H-MoRe: Learning Human-centric Motion Representation for Action Analysis
Zhanbo Huang, Xiaoming Liu, Yu Kong
TL;DR
H-MoRe addresses the challenge of extracting precise human-centric motion by introducing world-local flows that capture both absolute (world) and relative (local) motion. The method learns in a self-supervised manner using a joint constraint framework with skeleton and boundary terms, guided by pose-derived skeleton offsets and boundary alignment, while efficiently deriving local flow from world flow via a lightweight network. It shows substantial gains across gait recognition, action recognition, and video generation, and demonstrates real-time performance, robustness to background and overlap, and improved boundary delineation through boundary-aware edges and patch-centroid Chamfer approximations.
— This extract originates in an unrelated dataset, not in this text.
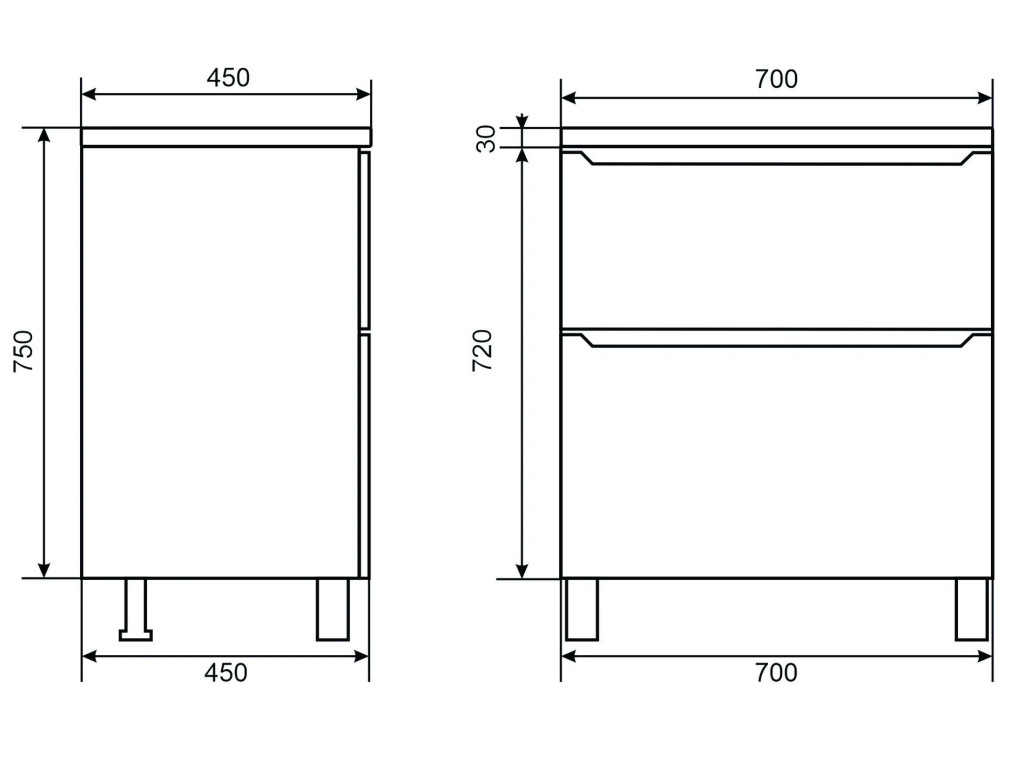 - Тумба с раковиной Uperwood Tanos 2 ящика напольная 70 см черная

The approach offers a practical, scalable path to leveraging accurate motion and body-shape information for diverse human-centric tasks, with limitations to 2D, single-scene settings and prospects for 3D extension and multi-subject scenarios in future work.
Abstract
In this paper, we propose H-MoRe, a novel pipeline for learning precise human-centric motion representation. Our approach dynamically preserves relevant human motion while filtering out background movement. Notably, unlike previous methods relying on fully supervised learning from synthetic data, H-MoRe learns directly from real-world scenarios in a self-supervised manner, incorporating both human pose and body shape information. Inspired by kinematics, H-MoRe represents absolute and relative movements of each body point in a matrix format that captures nuanced motion details, termed world-local flows. H-MoRe offers refined insights into human motion, which can be integrated seamlessly into various action-related applications. Experimental results demonstrate that H-MoRe brings substantial improvements across various downstream tasks, including gait recognition(CL@R1: +16.01%), action recognition(Acc@1: +8.92%), and video generation(FVD: -67.07%). Additionally, H-MoRe exhibits high inference efficiency (34 fps), making it suitable for most real-time scenarios. Models and code will be released upon publication.